Quatre familles
Selon une note publiée le 15 mai par Antoine Bristielle, directeur de l’Observatoire de l’opinion à la Fondation Jean-Jaurès, le Rassemblement national ne constitue plus un bloc homogène, mais une coalition électorale élargie. L’analyste s’appuie sur une définition large de l’électorat RN : l’ensemble des personnes déclarant une probabilité d’au moins 50 % de voter pour le parti à la prochaine élection. Ce périmètre révèle un phénomène de normalisation avancée, mais aussi une structuration en quatre grandes familles, regroupées en deux ensembles distincts.
Le premier ensemble correspond à « l’électorat historique ». Il est dominé par « la France oubliée » (21 %), cœur sociologique du vote RN. Ce groupe cumule une position sociale fragilisée, un sentiment d’abandon politique, une forte radicalité culturelle et une valorisation du « peuple productif » face aux profiteurs.
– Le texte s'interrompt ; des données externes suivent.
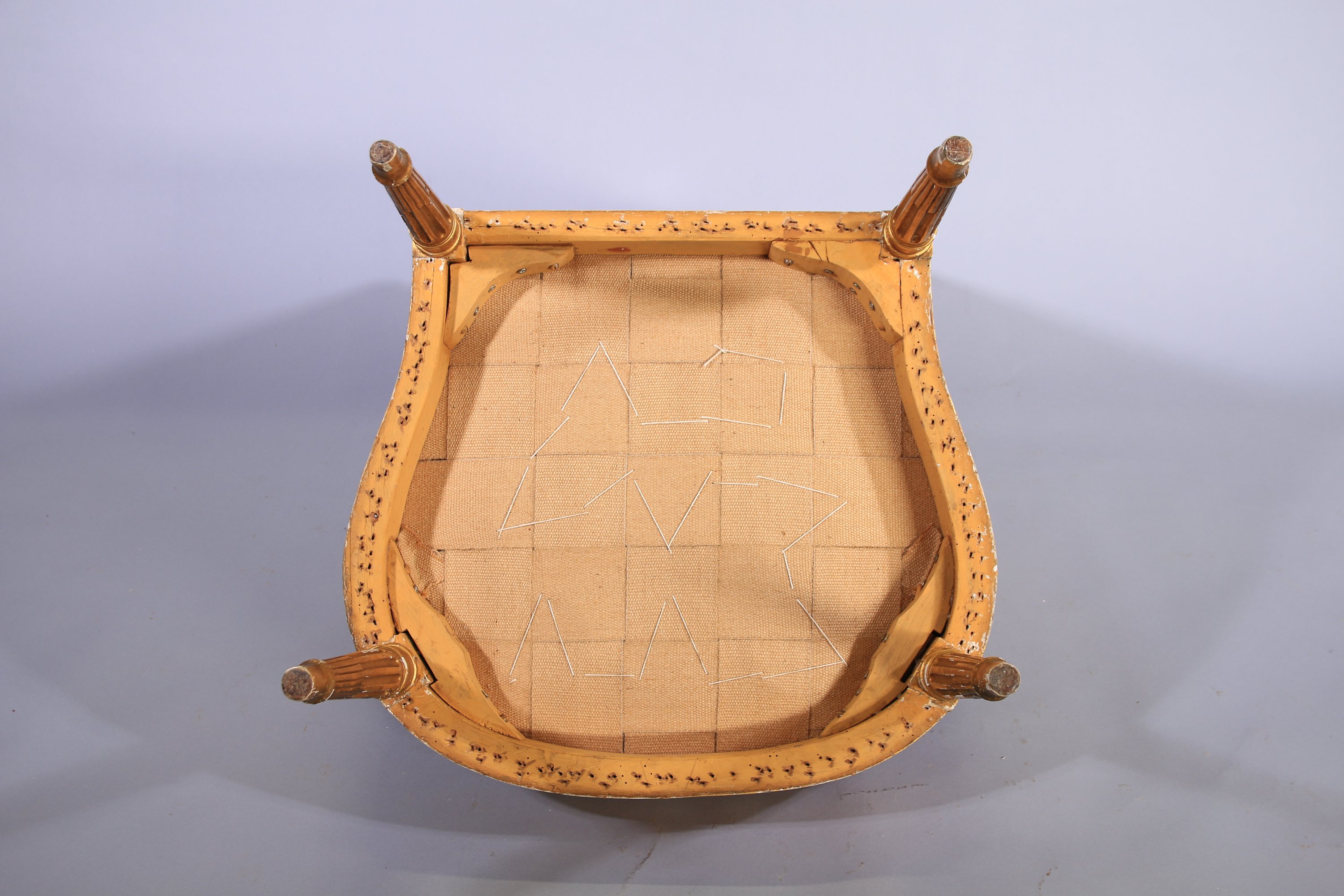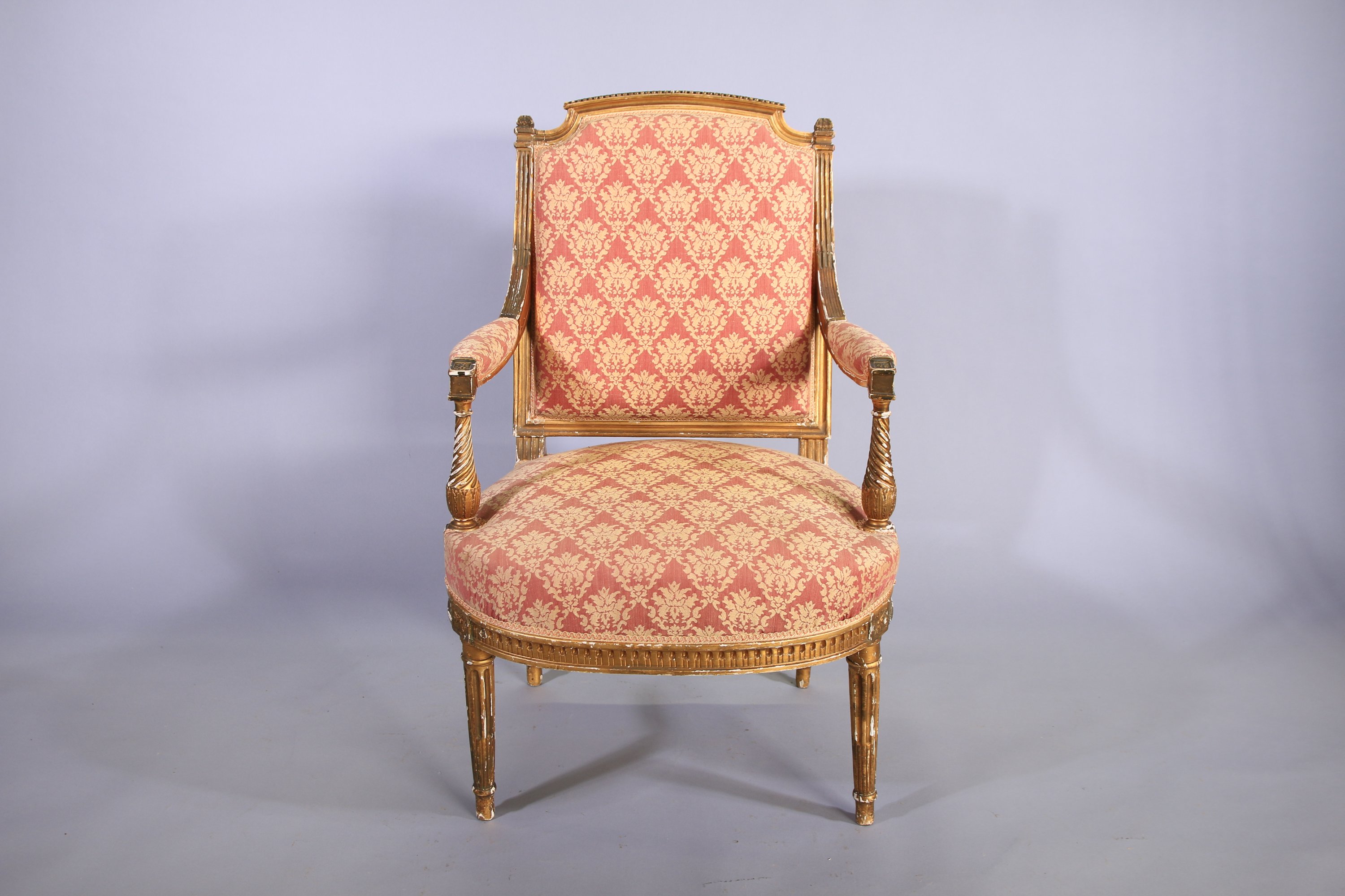en bois mouluré, sculpté et doré à dossier en chapeau de gendarme, les accotoirs à manchettes reposant sur des supports en colonne torsadée. L'assise en fer à cheval soutenue par quatre pieds cannelés et rudentés.

Il attend du parti protection économique, maintien des services publics, contrôle de l’immigration, restauration de l’ordre. À ses côtés figurent « les libéraux identitaires » (34 %), un électorat plus âgé, très politisé et structuré à droite. Ici, la radicalité culturelle se combine avec un libéralisme économique assumé. Pour ce groupe, l’immigration n’est pas un sujet parmi d’autres : elle constitue le prisme principal à travers lequel se lit la situation du pays. Les deux familles historiques convergent néanmoins sur un point : le rejet de l’assistanat.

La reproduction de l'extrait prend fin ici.